***** EXERCISE MATERIALS *****
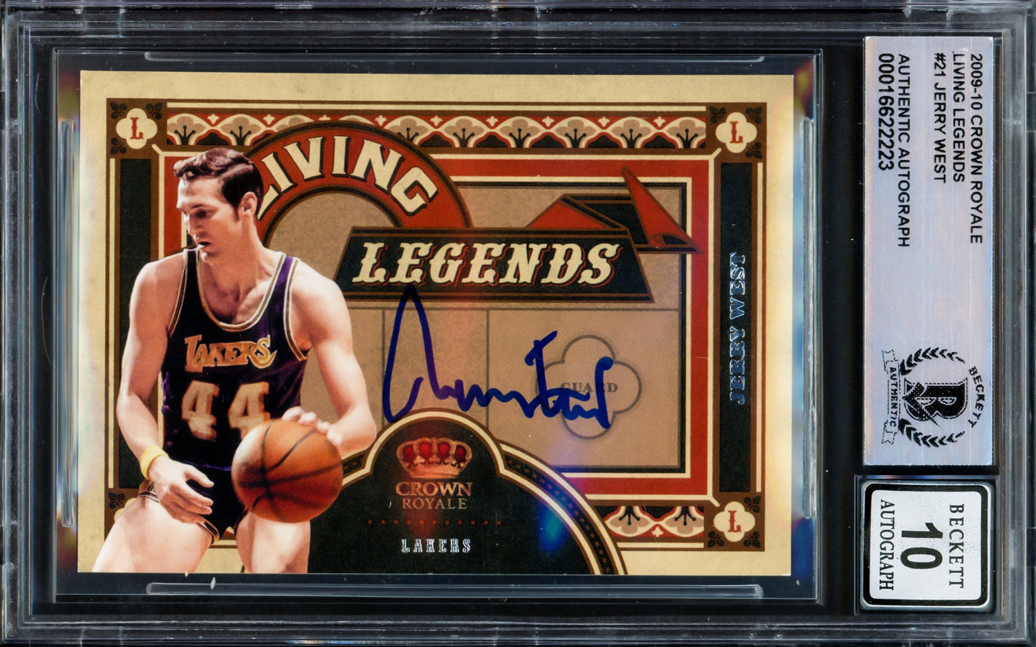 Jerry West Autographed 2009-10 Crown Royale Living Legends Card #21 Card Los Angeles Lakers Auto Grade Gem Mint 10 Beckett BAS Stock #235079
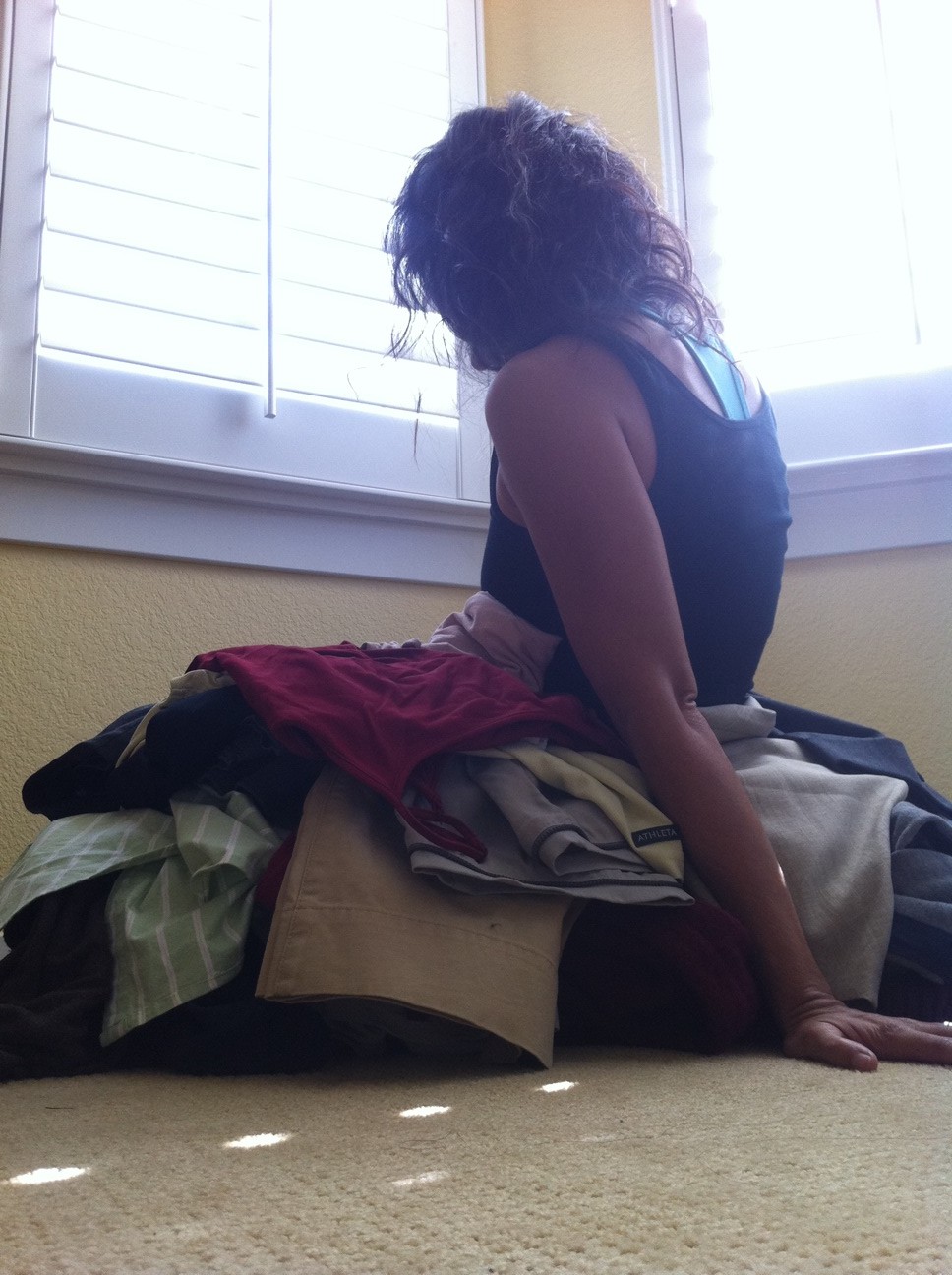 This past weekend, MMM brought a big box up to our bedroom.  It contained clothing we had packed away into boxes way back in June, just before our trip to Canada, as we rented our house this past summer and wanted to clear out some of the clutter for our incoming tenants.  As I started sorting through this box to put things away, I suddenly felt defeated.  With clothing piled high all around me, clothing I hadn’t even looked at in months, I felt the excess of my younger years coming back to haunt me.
*****
***** EXERCISE MATERIALS *****
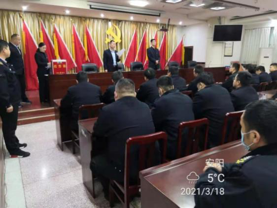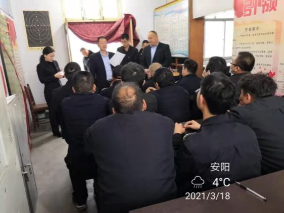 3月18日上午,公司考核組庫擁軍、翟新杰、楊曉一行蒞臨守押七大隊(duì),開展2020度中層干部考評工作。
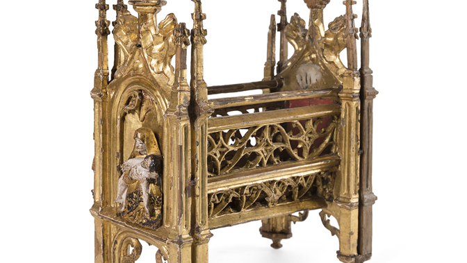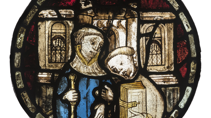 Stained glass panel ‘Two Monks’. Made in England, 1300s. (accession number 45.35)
*****
***** EXERCISE MATERIALS *****
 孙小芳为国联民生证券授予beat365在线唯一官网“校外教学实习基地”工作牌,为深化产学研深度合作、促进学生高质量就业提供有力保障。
*****
Only one part of the material above is wanted: the lines from the one with "3月18日上午,公司考核組庫" up to and including the one with "Stained glass panel". Please copy them exactly, pictures left out.

 3月18日上午,公司考核組庫擁軍、翟新杰、楊曉一行蒞臨守押七大隊(duì),開展2020度中層干部考評工作。
 Stained glass panel ‘Two Monks’. Made in England, 1300s. (accession number 45.35)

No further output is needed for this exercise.